Police were directed to the grave site Wednesday by an anonymous call alerting them to the bodies of two murdered men lying side by side in the brush not far from the Acapulco airport. A placard left with the bodies advised authorities that "those they killed are buried here."

A video on YouTube posted earlier Wednesday showed an efficiently conducted interrogation of the same two men, one of whom confessed to helping snatch and snuff 20 tourists at the behest of Edgar "La Barbie" Valdez, a Texas-born narcotics trafficker.

Until his arrest near Mexico City in late August, La Barbie was considered one of the Mexican underworld's more vicious leaders.

Families deny gang ties

The person conducting the interrogation is neither identified nor visible.

The tourists, who had arrived in Acapulco in four vehicles bearing Michoacan plates, apparently were believed to be members of La Familia, Michoacan's homegrown mafia that has distinguished itself with savagery. They were seized near the beach city's premier hotels by armed men traveling in sport utility vehicles with no license plates, witnesses said.

Their families have insisted the abducted men were not gangsters.

"Check out their identities," the sobbing wife of one of the men implored the kidnappers in a televised interview days after the abduction. "These are working people."

No ransom demand was ever made, and the men haven't been heard from again.

Their alleged killers said in the video confession that the tourists were targeted in revenge for La Familia's winning control of a small city from La Barbie's narcotics gang.

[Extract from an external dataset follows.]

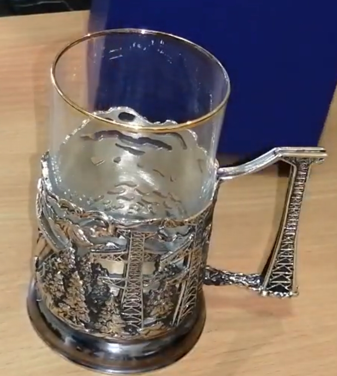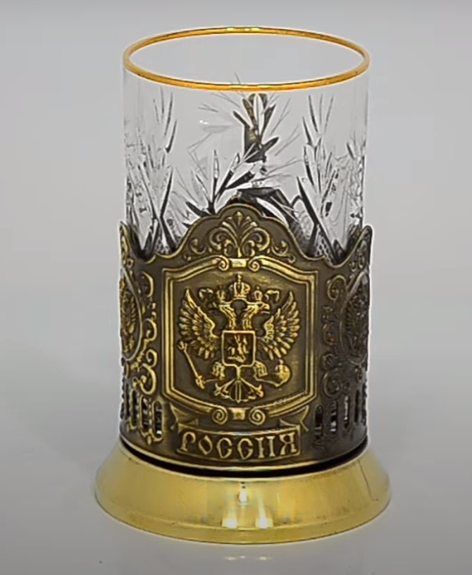 La deuxième place revient à un ensemble sophistiqué pour boire du thé, il comprend en standard : un support ; jolie cuillère; verre en crystal. Tous les éléments de l'ensemble sont traditionnellement mouchetés de multiples motifs, faits de matériaux très résistants, recouverts d'argent sur le dessus.

"This was all done because of La Familia," one of the men said in the video, which appeared to be filmed in the stairway of a house. "Because they took control of Altamirano."

Gangsters in recent months have used such Internet-broadcast confessions to discredit police and other officials or to accuse rivals of atrocities. In several cases, federal authorities have made arrests based on the videotaped confessions.

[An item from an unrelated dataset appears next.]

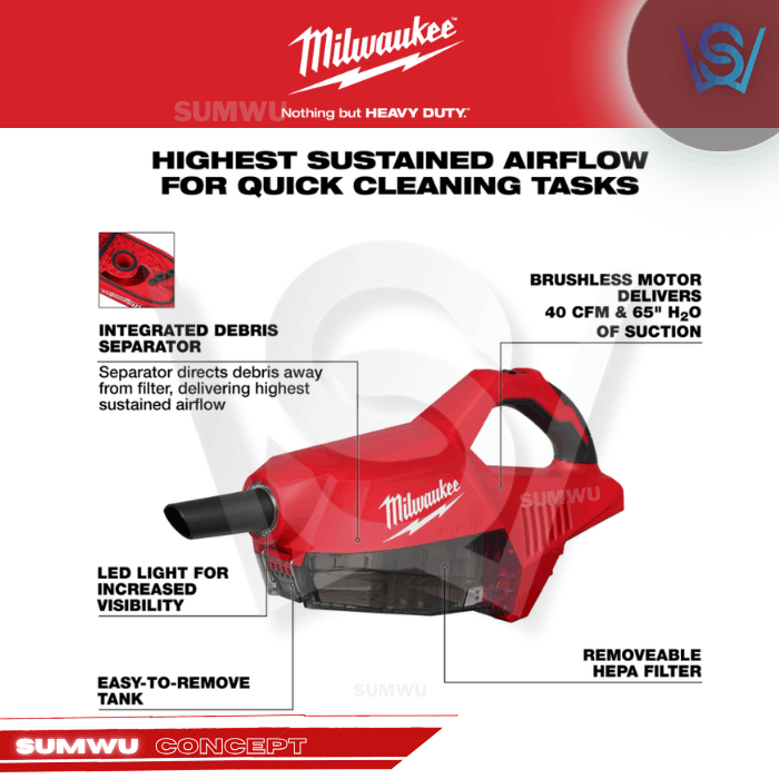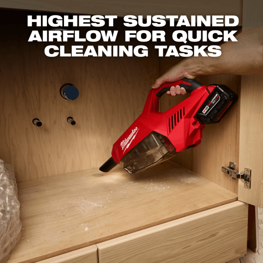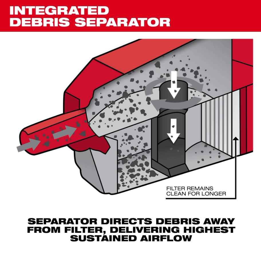 Milwaukee M18™ Brushless Handheld Vacuum is a quick and effective cleanup solution for a variety of jobsite conditions. With its ergonomic form factor and comfortable handle design, this product is optimized for quick cleaning tasks. The integrated debris separator provides the highest sustained airflow during the cleanup of sawdust, drywall dust, wood shavings, metal shavings, and other common jobsite debris. This technology significantly reduces the downtime spent cleaning filters and performing vacuum maintenance. Equipped with a high-performing brushless motor, the vacuum delivers 40CFM and 63 inches of suction. When paired with an M18™ REDLITHIUM ™ XC5.0 Battery pack, this handheld vacuum delivers over 20 minutes of runtime. For increased visibility in dimly lit jobsite environments, the vacuum has an LED ring located around the nozzle, providing shadowless lighting. For quick disposal of debris, the M18™ Brushless Handheld Vacuum has an easy-to-remove tank design, composed of dedicated tank grip points and a quick-release latch. The included HEPA filter ensures the collection of fine dust and debris.

In another video posted on YouTube two weeks ago, a man identified as an Acapulco city police officer also confessed to taking part in the abduction.

Questioned police-style, with rifles pointed at his head, the man said he also worked for La Barbie. He accused senior members of the local and state police forces of directing the crime.

A bustling port and a resort still favored by many Mexicans, Acapulco has been a major battlefield in the four years of heightened gangland warfare that has racked Mexico. Gangsters from the so-called Pacific Cartel, including La Barbie, have fought criminal rivals and Mexican security forces for control of the city.

Six people, include a mother, her son and a taxi driver, died last April in a shootout between troops and gangsters in the heart of the city's tourist zone. Eighteen others died 18 months ago when soldiers attacked a house in the old part of the city, not far from where Acapulco's famed cliff divers perform for tourists.

Impact on tourism

City officials, worried about the impact on tourism after the Michoacan group's kidnapping, had suggested early on that the victims must be tied to organized crimes. Ordinary tourists are quite safe in the city, they insisted.

But relatives said the men all were relatives and friends of the owner of a car repair shop in Morelia, the Michoacan state capital, who invited them each year for a weekend stay at the beach.

Michoacan officials say they have found no connection between the missing men and La Familia.

"They were people who had an honest lifestyle," state Gov. Leonel Godoy, whose own half brother, a federal congressman, has been accused of ties to La Familia, told reporters Wednesday.

"From the beginning we issued messages to those who kidnapped them that they were mistaken," the governor said.